= Study material =
************

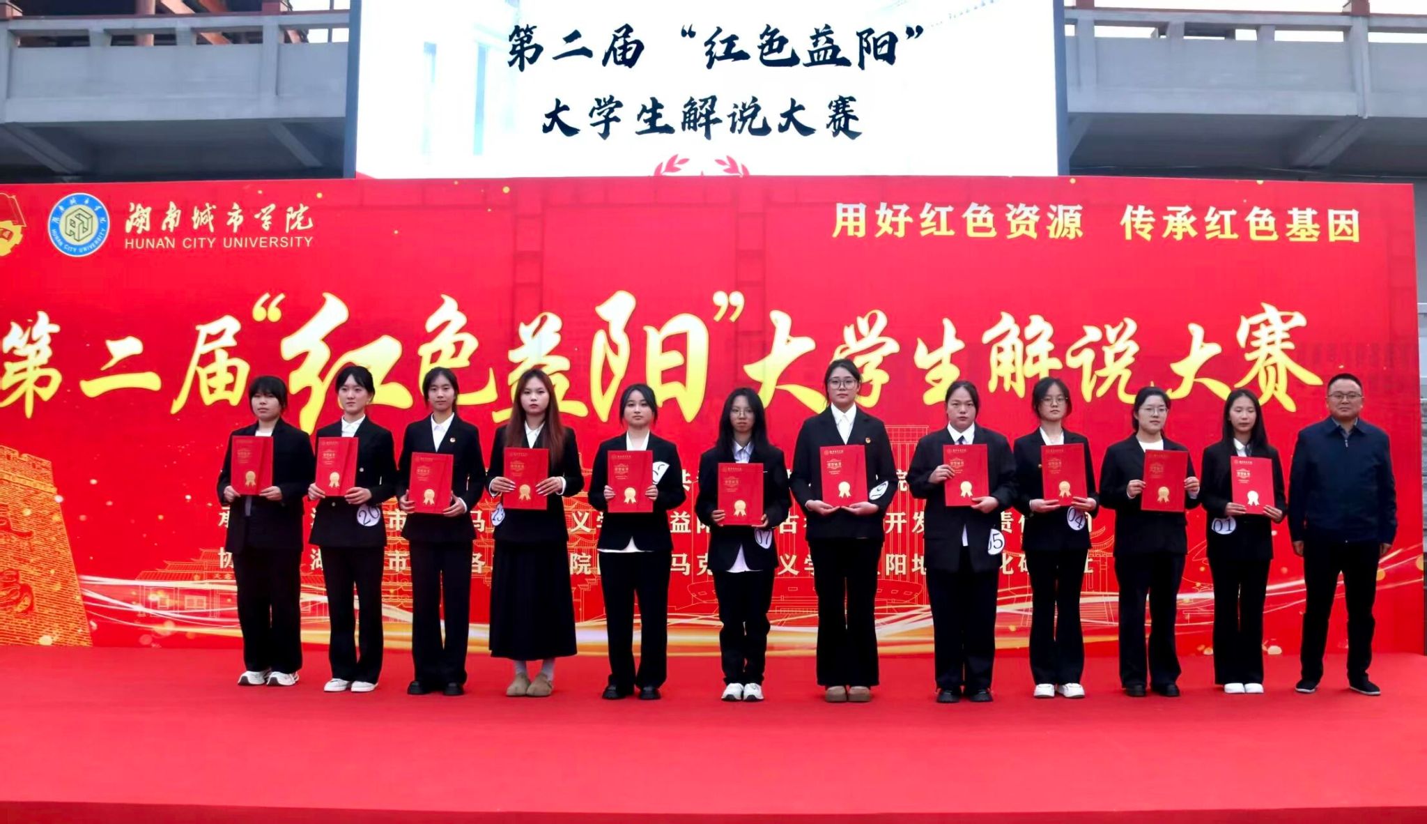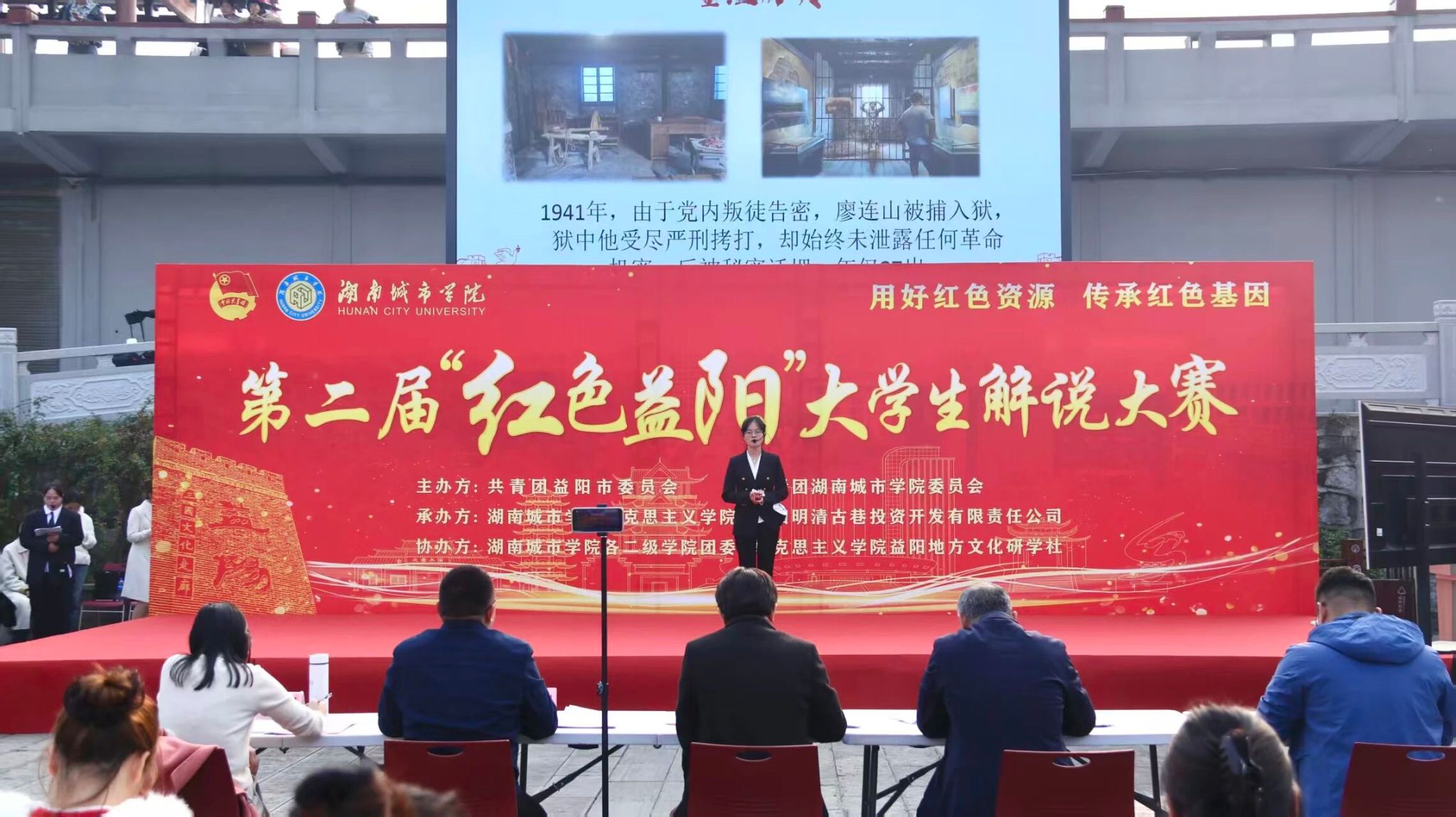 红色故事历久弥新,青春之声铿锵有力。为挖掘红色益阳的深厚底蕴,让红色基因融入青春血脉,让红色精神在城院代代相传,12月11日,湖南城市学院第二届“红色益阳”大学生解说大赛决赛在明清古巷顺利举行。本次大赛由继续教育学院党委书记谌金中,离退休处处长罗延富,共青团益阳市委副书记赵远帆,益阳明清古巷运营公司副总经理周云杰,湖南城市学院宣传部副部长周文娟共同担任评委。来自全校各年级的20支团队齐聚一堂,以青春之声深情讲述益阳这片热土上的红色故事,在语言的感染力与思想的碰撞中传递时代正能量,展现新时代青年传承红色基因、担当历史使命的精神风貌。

************

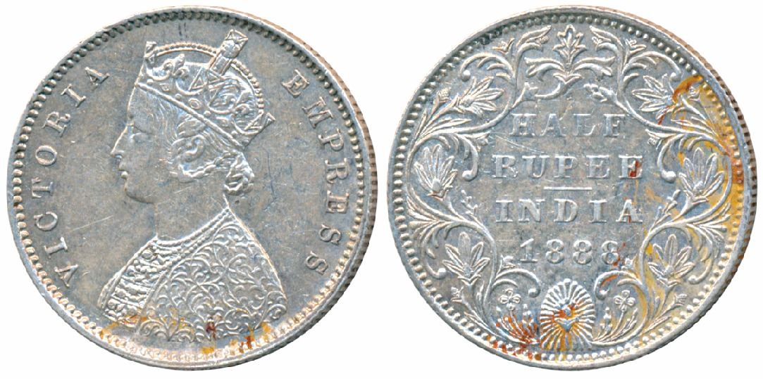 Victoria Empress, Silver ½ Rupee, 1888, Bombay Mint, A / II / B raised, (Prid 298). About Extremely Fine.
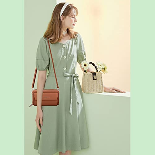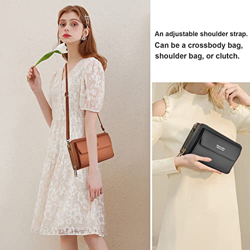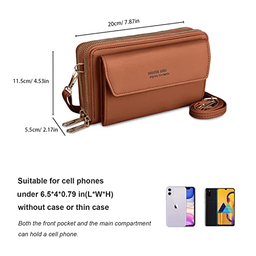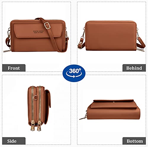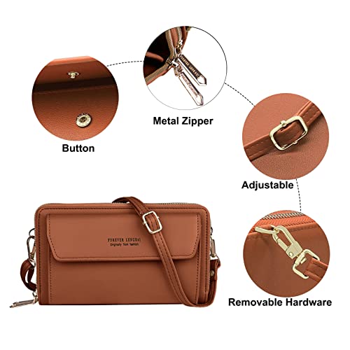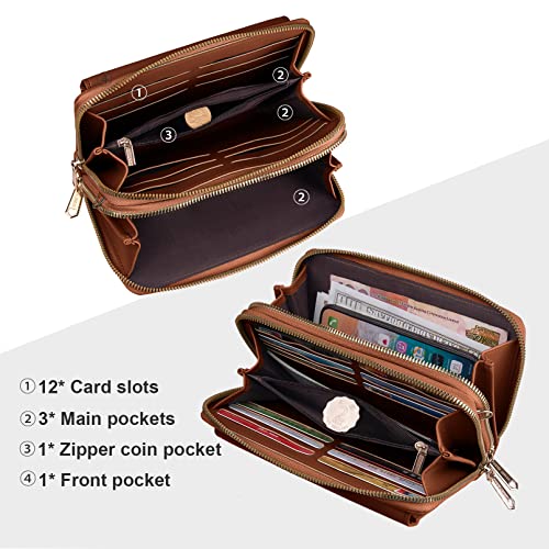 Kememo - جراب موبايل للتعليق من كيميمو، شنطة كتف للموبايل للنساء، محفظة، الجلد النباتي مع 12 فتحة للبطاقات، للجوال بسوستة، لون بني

************

= Directions for this task =
Using the data above, set down each line from the line with "Victoria Empress, Silver" to the line with "Kememo - جراب" exactly, both ends included, and leave the pictures behind. Nothing else belongs.

= Exercise solution =
 Victoria Empress, Silver ½ Rupee, 1888, Bombay Mint, A / II / B raised, (Prid 298). About Extremely Fine.
 Kememo - جراب موبايل للتعليق من كيميمو، شنطة كتف للموبايل للنساء، محفظة، الجلد النباتي مع 12 فتحة للبطاقات، للجوال بسوستة، لون بني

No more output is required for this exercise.